# Please Help with Broken Doll Costume



## Sunsh1ne (Oct 20, 2014)

Any ideas?


----------



## Sunsh1ne (Oct 20, 2014)

http://www.pinterest.com/annekline199/broken-doll-costume/

This is a collection of images to inspire....pls help I am stumped


----------



## GobbyGruesome (Sep 14, 2005)

Hey Sunsh1ne

Don't know much about doll costumes, but there are a few threads on here...unforuntunately they're all pretty short so your really have to dig around. Here's one with some links to makeup tutorials on youtube...maybe this will help.
http://www.halloweenforum.com/hallo...594-broken-doll-makeup-ideas-please-help.html

Hopefully someone else will popup and be a little more help. Welcome to the forums.


----------



## chocolatemice (May 2, 2014)

I'm doing a wind-up doll for Halloween this year. But what kind of help are you looking for? It looks like you have a lot of the same inspiration pics that I do on my pinterest (link in my sig).

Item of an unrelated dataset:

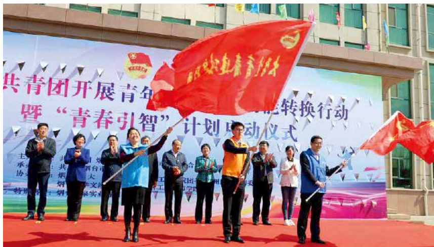
2018年4月17日,由团市委主办的开展青年建功新旧动能转换行动暨“青春引智”计划启动仪式举行。

野的青年人才。完善公共服务供给。实施新兴青年群体“筑梦计划”,依托“烟青e家”“青社学堂”,开展职业导航,进行梦想孵化,举办“新文艺青年海岛音乐节”等活动,激发新兴青年群体创造力。实施关爱贫困弱势青少年群体公益项目,推进“青春银行”“聚才圆梦”“心愿直通车”等项目,募集物款320万元,资助大中小1527人。打造“青心烟台”婚恋交友服务品牌,组建青年交友微信群、QQ群,为青年婚恋交友提供必要的基础保障和适合青年特点的便利条件。维护青少年合法权益,深化“共青团与人大代表、政协委员面对面”活动,选配青少年事务助理,开展青少年模拟法庭,拓宽青少年利益诉求表达渠道,构建未成年人犯罪预防帮教体系。完善驻烟高校反诈骗联席工作会议机制,15万名在校学生参与防范电信网络诈骗调查问卷,提

It's an easy costume to do homemade, just see what's in your closet and what you can start building around, whether it's more of an old-fashioned porcelain doll in a gauzy dress, or a ragdoll in a pinafore, or a babydoll in a nightgown, etc. I already had a leotard, tights, and ballet shoes to structure my costume around, so that's why I'm going with a busted ballerina wind-up doll. I just found an easy tutu tute, grabbed some tulle from eBay, and went nuts. 

I looked at all the different makeup tutorials and tried a few things to decide what would look best with my face. 
So while my eyes and cheeks are more like this -- http://www.pinterest.com/pin/286260120040462091/
My lips are too much for the really artificial heart shape (it looks weird and unflattering), so I'm just going to do a pink lip, but here's a doll lip tute -- http://www.pinterest.com/pin/286260120040462107/

And it looks like you already have several broken-porcelain makeup ideas pinned. 

You've got the basis, just sit down and look at your wardrobe, decide how much you want to spend vs how much it might cost to DIY, grab some drugstore makeup to help with the broken porcelain face, and you're good to go!

ETA: false lashes are definitely your friend for the doll face look, don't skimp on them!


----------



## Sharonr3106 (Sep 8, 2014)

I was thinking if you checked out the thrift/charity stores and could find a cheap old wedding dress, and cut it to knee length you would get that old look, and could shred it, cover it in blood or make it as gruesome as you liked. When doing your face, draw cracks on it, and if your hair isn't long you could get a cheap wig and put plaits in, sort of idea shown in pic below but more done more bloody


----------



## Sunsh1ne (Oct 20, 2014)

Thank you so much for your help. The length of the dress is part of the issue I am having with the premade costumes. I pulled a few dresses out of my closet and have become a bit overwhelmed by that. I am going to check at Goodwill. They should have something old that will work 

Thank you also for welcoming me to the forums!!!


----------



## Sunsh1ne (Oct 20, 2014)

I looked through my dresses and became immediately overwhelmed at trying to piece something together. To the Goodwill store!!! The make up I am not super worried about although I do not think I am going to be able to do the white make up. Putting anything overtop of it is going to smear.....But if I use a moisture mask that gets hard and cracks, putting the white make up over that would look pretty awesome. Any suggestions on working with the white make up? I am going to frizz my hair out like so many old dolls I have seen. My hair is bright red and very long....that part I am excited about.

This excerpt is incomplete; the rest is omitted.